A corrupção, portanto é uma expressão particular do mal.

Os brasileiros pensam estar falando mal deste ou daquele partido, quando na verdade estão falando do mal que existe dentro deles mesmos, dentro de cada ser humano.

A corrupção está, então, relacionada à sucumbência às fraquezas humanas naturais.

A consciência moral não pode ser entendida apenas em seu aspecto psicológico, mas também teológico. A consciência moral pode ser entendida como a voz de Deus, um imperativo numinoso.

De acordo com Jung (1993, v. 10, par. 835), se considerarmos que existe uma consciência moral "correta", existiria também "[...] uma 'falsa' consciência, que exagera, deturpa e transforma o bem em mal e vice-versa [...]".

A corrupção é então o que acontece quando não se ouve a voz da consciência, a voz de Deus, mas a voz do diabo.

Acredito caro leitor, que esse foi um dos maiores artigos que já escrevi aqui no blog. Acredito que a corrupção, mais do que um aspecto que é nocivo à sociedade, representa também uma etapa necessária a ser avançada, uma grave crise moral que precisa ser superada.

Agora sendo bem sincero, sejamos realistas na hora de votar e buscar o que de melhor o candidato pode oferecer. Afinal há um longo caminho pela frente de encontros e descobertas.

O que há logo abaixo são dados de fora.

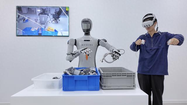当你来到“具身智能验证场”,一进门,上前迎接的并非传统印象中的礼仪人员,而是“海曙智造”的人形机器人NAVIAI——它不仅具备拟人动作姿态,还可以流利的语言与你进行互动。在其引导下向里走去,工厂、家庭、商超等一系列场景尽现眼前,一众人形机器人“员工”在其中各司其职。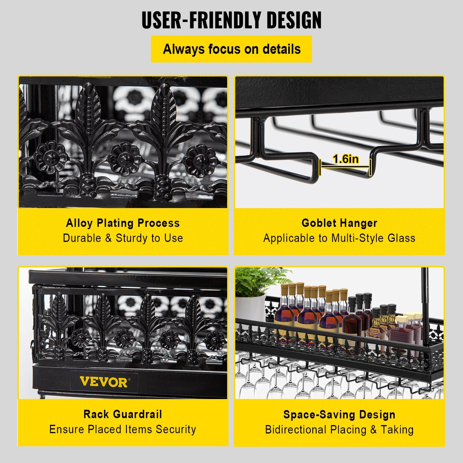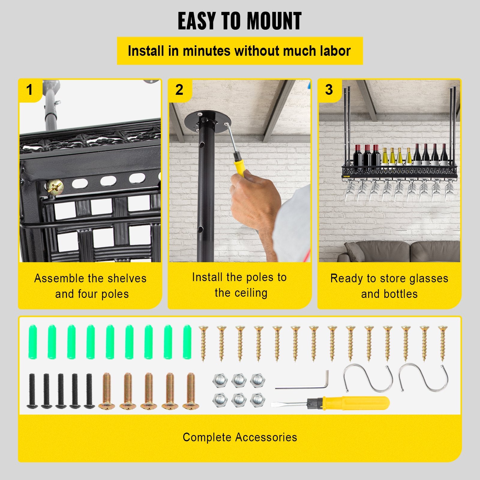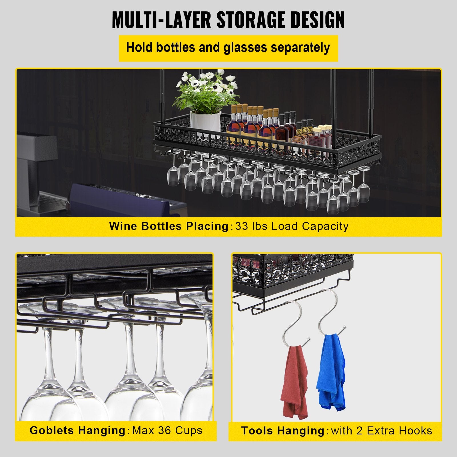 VEVOR Ceiling-Mounted Bar Wine Rack Wine Glass Hanging Rack 35.8x13in Black

Referências bibliográficas

BOECHAT, W. A alma brasileira: luzes e sombra. Petrópolis: Vozes, 2014.
BYINGTON, C. A. B. A identidade brasileira e o complexo de vira-lata. Junguiana, São Paulo, v. 31, n. 1, p. 71-80, jan-jun 2013.
JUNG, C. G. Estudos sobre psicologia analítica. 2. ed. Petrópolis: Vozes, 1981. (Obras completas, v. 7).
JUNG, C. G. Aion: estudos sobre o simbolismo do si-mesmo. Petrópolis: Vozes, 1982. (Obras completas, v. 9/2).
JUNG, C. G. A prática da psicoterapia. Petrópolis: Vozes, 1988. (Obras completas, v. 16).
JUNG, C. G. A dinâmica do inconsciente. 2. ed. Petrópolis: Vozes, 1991. (Obras completas, v. 8).
JUNG, C. G. Psicologia em transição. Petrópolis: Vozes, 1993. (Obras completas, v. 10).
JUNG, C. G. A vida simbólica. Petrópolis: Vozes, 2000. (Obras completas, v. 18/2).
VON FRANZ, M.-L. A função inferior. In: VON FRANZ, M.-L.; HILLMAN, J. A tipologia de Jung. 6. ed. São Paulo: Cultrix, 2007.